### Work instructions:
The data below should be printed in full, exactly, and without any of its images.

### Collected data:

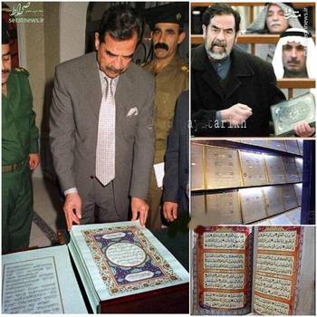 یک کاربر در توئیتی نوشت: میدونستید در دهه ۹۰ میلادی به دستور صدام قرآنی با خون او نوشته شد!
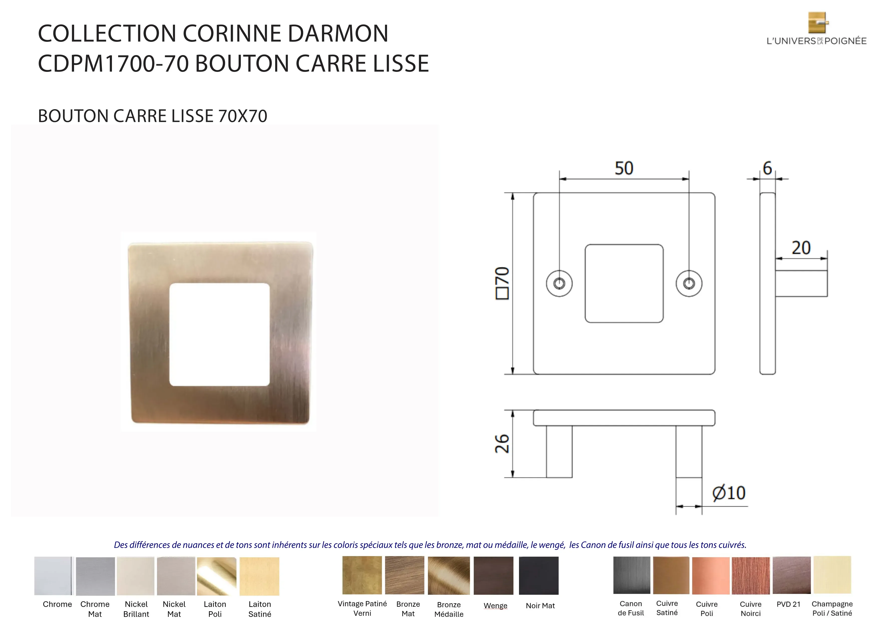 Bouton de meuble CD carré lisse 70x70mm
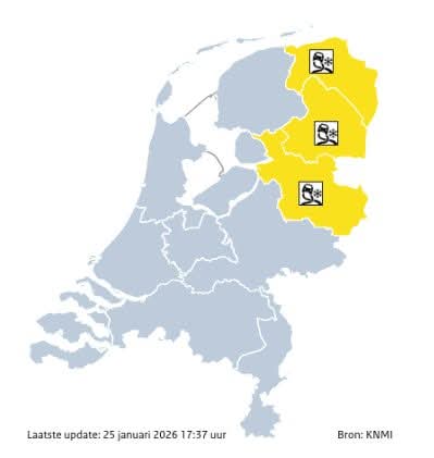 Maandagochtend kan het in het noordoosten licht gaan sneeuwen waardoor het plaatselijk glad wordt. Mogelijk wordt de sneeuw in de late nacht of vroege ochtend
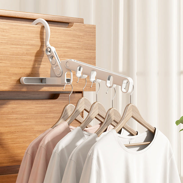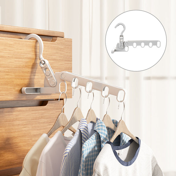 [Multifunctional Design Hanger] The hook can be rotated, it can be applied to various wardrobe rods. The 5‑hole hanger can be used as a closet organizer, and the arm can be folded when not in use to increase storage space. Very suitable for small laundry rooms, closets, dormitories, bedrooms and other limited spaces.

### Completed exercise:
 یک کاربر در توئیتی نوشت: میدونستید در دهه ۹۰ میلادی به دستور صدام قرآنی با خون او نوشته شد!
 Bouton de meuble CD carré lisse 70x70mm
 Maandagochtend kan het in het noordoosten licht gaan sneeuwen waardoor het plaatselijk glad wordt. Mogelijk wordt de sneeuw in de late nacht of vroege ochtend
 [Multifunctional Design Hanger] The hook can be rotated, it can be applied to various wardrobe rods. The 5‑hole hanger can be used as a closet organizer, and the arm can be folded when not in use to increase storage space. Very suitable for small laundry rooms, closets, dormitories, bedrooms and other limited spaces.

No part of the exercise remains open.